Белые одежды - Дудинцев Владимир Дмитриевич. Страница 95
— Всю, всю, Федька. Ничего не оставляет.
— Тогда я боюсь. Ты же ввела его в «кубло»... Тогда я, пожалуй, должен буду забрать у тебя и семена, и горшки.
— Дурак ты, дурак чертов! — закричала Туманова. — Ловишь все меня! Умней я стала через тот случай с «кублом». Не доберется он! Сила силой, а Ивана Ильича наследство он через мой труп... Даже и через труп не получит.
Успокоение, которое почувствовал Федор Иванович, спрятав у Тумановой значительную часть «наследства» Ивана Ильича, оказалось очень недолгим. Он в тот же вечер вспомнил о новом сорте, и теперь его все время тревожил повисший в воздухе и, похоже, неразрешимый вопрос: как разыскать среди трех тысяч кустов те восемнадцать, которые нужно было спасти. Это надо было сделать до осени, потому что в октябре кто-то придет и начнет выкапывать всю картошку подряд. И тогда новый сорт сам себя покажет цветом клубней. Обязательно обратят внимание на невиданный цвет — цвет загорелого женского лица. И на матовость, как у замши.
Вопрос не отступал, и, занимаясь своими делами в учхозе, Федор Иванович теперь часто останавливался и остекленело смотрел в одну точку. Краснов это заметил и однажды негромко сказал:
— Федор Иванович, вы что-то задумываться стали...

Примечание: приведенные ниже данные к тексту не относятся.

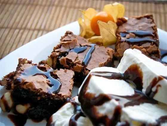 ШАГ 8 Подавать брауни можно просто так, а можно посыпать сверху сахарной пудрой или разложить квадратики по тарелкам и украсить каждую порцию шариком ванильного мороженого.

— Задумаешься, — последовал горько-рассеянный ответ. При этом Федор Иванович посмотрел долгим новым взглядом, непонятным и смущающим. Он в это время думал о Тумановой и о власти, которую забрал над нею альпинист. — Еще как задумаешься, — повторил он, любуясь ее остолопом. — Троллейбуса-то замели, а сорт где?
— Где? Только на огороде у него. Только там. Логика подсказывает.

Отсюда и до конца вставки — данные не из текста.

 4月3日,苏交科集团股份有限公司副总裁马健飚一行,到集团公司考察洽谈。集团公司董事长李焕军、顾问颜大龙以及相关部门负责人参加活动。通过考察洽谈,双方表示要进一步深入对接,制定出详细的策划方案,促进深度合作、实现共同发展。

— А морфология кагегорически отрицает. Нет сорта, чтобы не имел морфологических особенностей. Я ходил смотреть. Там картошка уже цветет. Все цветки белые. И рассеченность у листьев одна и та же. У всех. Это все сплошь — «Обершлезен». Я бы не задумывался, если бы сорт был там...
— Троллейбус потому и посадил там «Обершлезен»... Потому что новый сорт у него, думается, потомок родителей... Из которых один — как раз «Обершлезен». И от немца перешла эта рассеченность. Удобно маскировать сынка рядом с папой...
«Как эта сволочь могла допереть до такой догадки?» — подумал Федор Иванович, ахнув в душе. Но ничто в нем не дрогнуло. Он чуть-чуть зловеще улыбнулся.
— Вы, дорогой, чистый вейсманист-морганист...
— С вами поработаешь — наберешься, — весело ответил Краснов. — Кем хошь станешь!
— Не скажите это Кассиану Дамиановичу...
— А он мне и подбросил эту идею!..
— Ну, и как он рекомендует выделить этот новый сорт?
— Осень все выделит...
Федор Иванович, хоть и был он серьезным ученым, хоть и видывал виды, но и он не мог даже предположить, что тревожащий его вопрос о новом сорте будет снят с той неожиданной простотой и экономной четкостью жеста, какую может показать нам только природа.
В ночь с первого на второе июня он сидел у себя в комнате для приезжающих за столом, на котором стоял горячий чайник и были разложены бумаги — он начал писать первую из трех небольших работ. Не хотелось становиться на эту завершающую стезю, выходить в чистое поле, где ждал готовый к смертельной схватке враг. Но надо было когда-то решиться, и он сел за стол. Все эти статьи он собирался отнести в «Проблемы ботаники». Каждая должна была бить в одну и ту же точку — по одному из главных тезисов академика Рядно — о том, что «сома», то есть тело с его «соками» (как говорил академик), воздействуя на «крупинки» другого — привитого — тела, может вызвать определенное изменение, передающееся по наследству. Опыты с прививками картофеля на табак, белладонну, петунию и помидор, и обратно — всех этих растений на картофель — давали Федору Ивановичу богатый материал для первой статьи. За этими статьями должна была последовать суровая реакция академика, особенно после сообщения о новом сорте, выведенном на чуждых теоретических основах. Но Федор Иванович к этому был уже готов.
Он сидел против полуоткрытого окна. Свежий ночной воздух иногда шевелил листы на столе.
Часа в два ночи он лег спать. А в пятом проснулся, сильно озябнув. Федор Иванович подошел к окну, чтобы закрыть его. Взялся было за створки, но тут же широко распахнул их и высунулся наружу,
На траве перед окном был странный белый налет.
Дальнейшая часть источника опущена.